There’s a lot of arguments against suicide.
This is a good example. On the surface, it looks like everything an argument against suicide should be. It’s well-written, and it actually raises the reasons suicidal people have for it before making the counterarguments against them. I still think it’s wrong. For one thing, it has motivated reasoning (nobody wants suicidal people to be right). But from inside the argument, there’s something off about it. It reasons backwards: It assumes people shouldn’t commit suicide, comes up with scenarios where that’s the case (a guy who’s a useless burden now might have been useful as a dockworker a hundred years ago), then kind of implicitly assumes the change in circumstances shouldn’t matter.
If we don’t have any motivated reasoning, the case for suicide seems pretty clear: Some people feel like burdens. They’re net negative drains on the world, draining resources that could better be used for someone else. Are they wrong?
Scott brings up Robin Williams as a counterexample, and some guy who designed safety mechanisms for cars. Alan Krueger’s another potential counterexample that’s come up since. But how sure are we that they really are counterexamples? You’d expect them to know more than us about the situation. Maybe the car safety guy knows his designs aren’t really effective or useful, or maybe he doesn’t really do much and only got to keep his job because of office politics. We found out Robin Williams had Dementia. I don’t know why Alan Krueger died, but nobody else seems to either. He probably had his reasons.
In general, every bias we know should push people away from suicide. People tend to believe they’re more important than they are, that they’re more useful, that they know more. People tend to be unreasonably optimistic. People have status-quo bias. If we’ve reached the point where even the person in question thinks suicide is a good idea, it probably is.
There’s a counterargument to suicide, saying that suicidal people often get better, even grow to regret it. That’s not inconsistent with suicide being the right choice. We’d expect people to become suicidal at their worst point, so we should expect some reversion to the mean for most. But if suicidal people are reasonable about it, they’d leave some buffer – they price in the possibility of mean-reversion, so they don’t jump to being suicidal as soon as they can. They wait until they’re thoroughly convinced. And sure, if they don’t commit suicide, they’ll probably go back into the uncertainty band – but that doesn’t mean they shouldn’t kill themselves. And in general, we trust people to make their own decisions. Not because they’re always right, but because we don’t have a better method, and people’s judgement in the moment is generally the most accurate way to judge things.

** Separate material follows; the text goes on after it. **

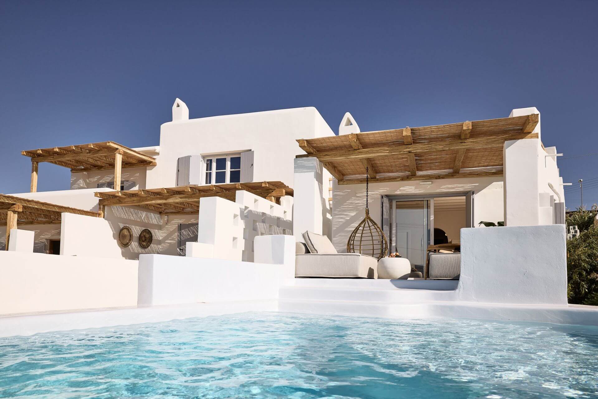 Villa Kalista introduces guests to an authentic and luxurious Mykonian haven of tranquility. Accommodating up to 5 adults, the villa’s natural elements, luxurious furnishings and natural colour palette compose a sense of calm. Villa Kalista’s two en-suite bedrooms connect to a spacious sea view open plan living and dining area, which further open up to a private pool and sunset terrace, perfect for moments of togetherness.

The common sentiment is to treat each suicide as an unbearable catastrophe. This seems wrong. We have a lot of humans, and most of them are pretty easily replaceable. If anything it seems like it would be helpful for humans to be a little more k-selected, rather than keep everyone we possibly can alive.
Alternatively, we can think of internal experience as inherently valuable. But suicidal people are generally pretty miserable and probably have net negative internal experience anyway. Unless there’s some reason to assume things will suddenly get better for them (say if they’re in an abusive situation they can get out of soon), this doesn’t really change the calculation.
I’m not actively suicidal, but I’m increasingly convinced that I should be. In theory I have a lot of talents, but in practice I don’t seem to contribute much, and I seem to be a net drain on the people around me. There’s a limit on how much I can blame other people for this.
Is this evidence for or against the above argument? It’s at least consistent with it – it makes sense that I’d be in the uncertainty band, at least (I can come up with reasonable-sounding arguments for why I actually contribute more than I drain, or might in the future). I’ve only been convinced I shouldn’t exist for a few months now, maybe I just haven’t reached the tipping point yet.
There is one good counterargument: I have friends who are suicidal, and there are people I know who the world would probably be better off without. As far as I can tell, the two groups are entirely distinct (although, of course, plenty of suicidal people probably haven’t told me about it). My suicidal friends are some of the kindest, smartest, most helpful people I know. They’ve done a lot for the world. And they’ve done a lot for me.
But then, my judgement about worth might be suspect (remember, I’m one of the people who shouldn’t exist). But if my judgement’s that far off I can’t trust anything I say anyway, so ¯\_(ツ)_/¯.